I have even succumbed to the cafeteria at the ski field, but only on snowy days when it’s cosy to sit in the fuggy warmth munching a “bad for you” lunch – mince and cheese pie washed down with a Coke. Sunny ski days are different.
I drag out the old picnic hamper and pack a scrummy lunch, flasks of coffee and tea and a cold beer or two in the cool bag. I pack folding chairs and we sit at the back of the car and share lunch with friends.

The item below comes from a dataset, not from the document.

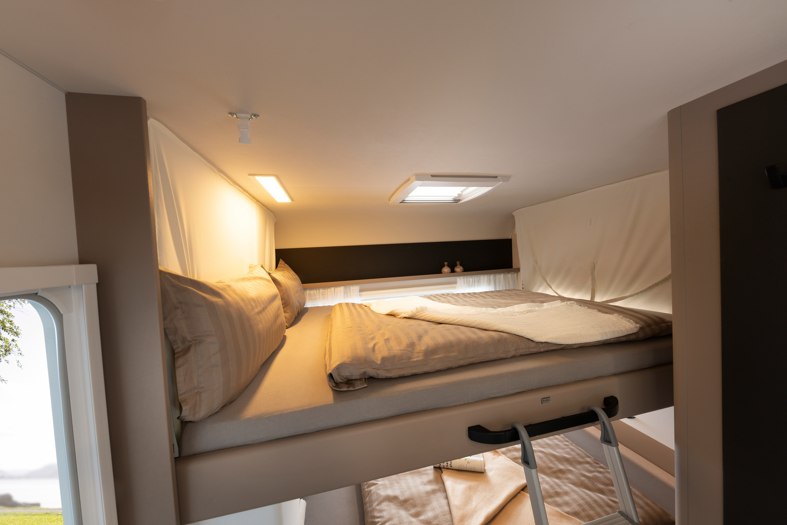 Špeciálne pre rodiny je tu c'go up s výklopnou posteľou: priestranný rodinný karavan, ktorý je prekvapivo kompaktný vďaka dômyselnej výklopnej posteli.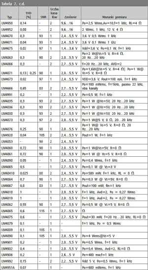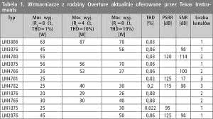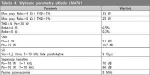 Układy te charakteryzują się bardzo dobrymi parametrami i dużą mocą wyjściową. Wybrane parametry układu LM4781 pokazano w tabeli 4, a typową aplikację na rysunku 5. Układ LM4782 ma nieco mniejszą moc i nieznacznie gorsze parametry elektryczne.

On August 25 I always pack a very special ski lunch; it is Kit’s birthday. In the year of his death at Cave Creek we didn’t know how to cope with the day so we fled to the mountains. As we were leaving, a friend presented us with a box. “Just a little something to help you through the day,” she said. We opened the box at lunchtime and packed inside were the ingredients for a perfect picnic, along with a bottle of wine, flowers and a note. “Thinking of you. Love, your friends.” It was a thoughtful gift. It suggested that we could celebrate Kit’s birthday as well as grieve for his passing.
If it is sunny on the 25th we will carry our picnic to the top of the Porters ski field, take off our skis and walk to a sheltered spot overlooking a glacial lake glittering ice-cold on the valley floor. We will sit in the sun, unpack the picnic delicacies, open the champagne and celebrate Kit’s short, special life.

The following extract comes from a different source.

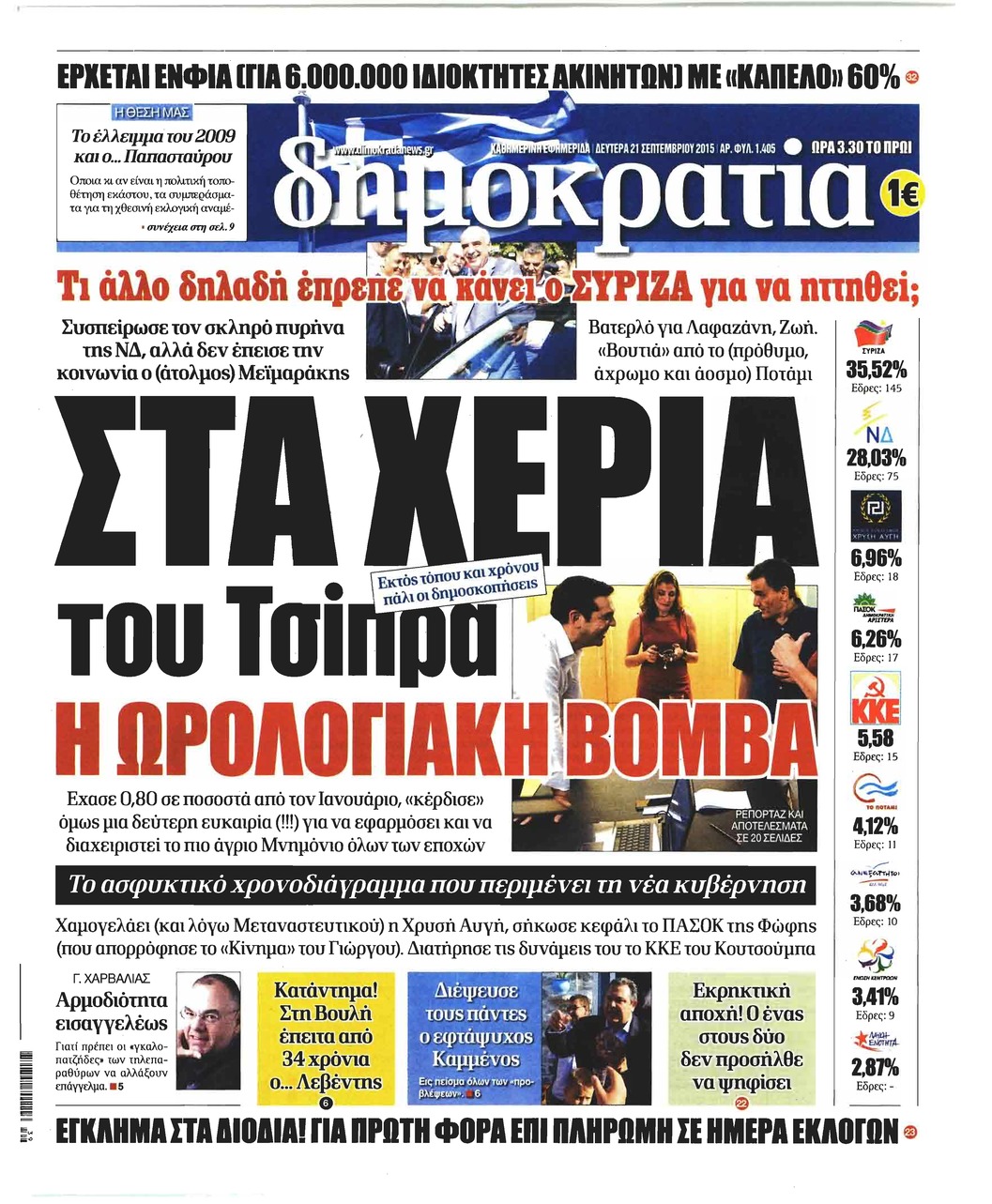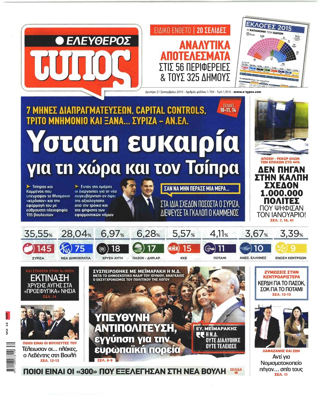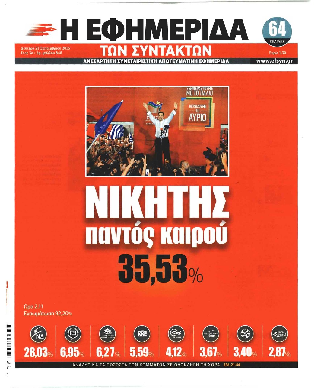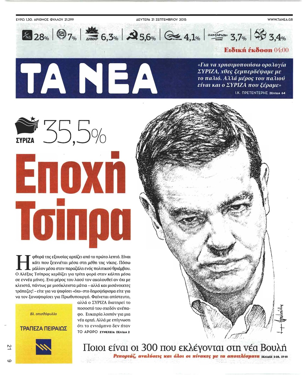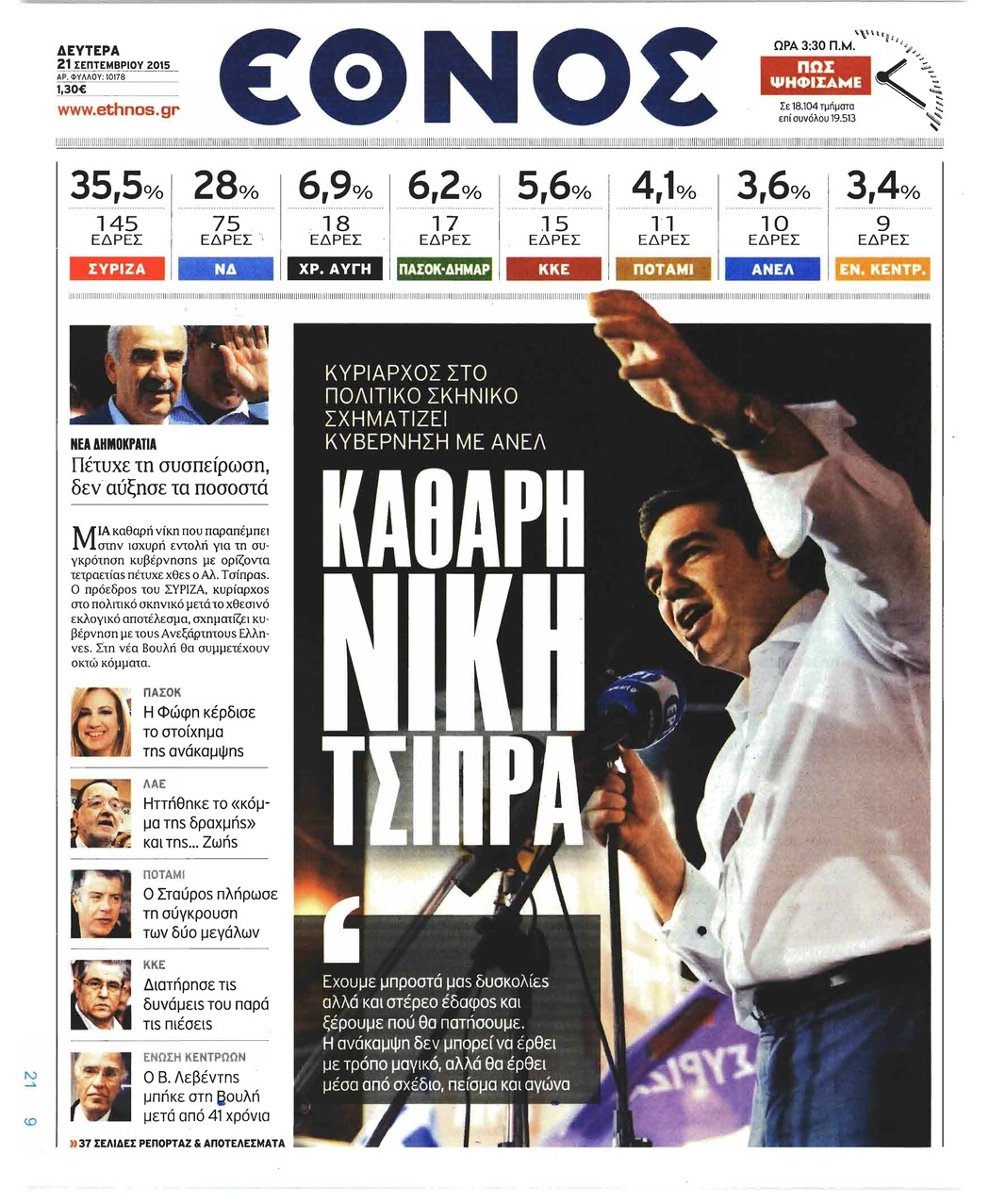 Πρωτοσέλιδα του ελληνικού Τύπου 21/09/2015

Yes, we do picnics in Auckland and we will, when we next have a picnic, think of Kit and celebrate his life. But it won’t be with champagne. More likely it will be drinking out of a beer bottle for some and out of a Tommee Tippee mug for others.
Our picnics aren’t on mountain tops. They’re usually beside the sea and we don’t feed just family members. We feed the entire avian population of the Waitemata. Our food is usually sandwiches – my daughter-in-law specialises in creative sandwiches – fruit, maybe even tiny packets of raisins and a yoghurt. Gone are the days when I used to make elaborate picnics with little pastries and summer pudding.
I’ve always liked picnics. When I was a child my mother made bacon and egg pies for picnics. Now, on Sundays, we often take crackers and cheese and olives on our exploratory walks in parks and reserves in our new city. We always have a New Year’s picnic, with ball games, swims, ham off the bone, warm tomatoes and soft bread and end by lazing with magazines while picking delicious chocolates out of a box.
The hardest thing about leaving Wellington was breaking the 24-year tradition of Sunday walks with Jane. That’s a lot of walks! For the last one we took the best deli olives and cheeses, wine and a thermos of coffee. I made a fruit cake and my backpack included glasses and linen napkins. Unfortunately it rained – well, poured – and we huddled on a bench under a macrocarpa, eating and drinking regardless.
A passing runner was so astonished at the sight that he slipped on the muddy track. We offered wine but he refused.
Picnics are good for commemoration and celebration. There’s no rush. You can take the whole afternoon. And on your winter picnic you will be able to watch the sun set over the mountains. I will think of you on that day.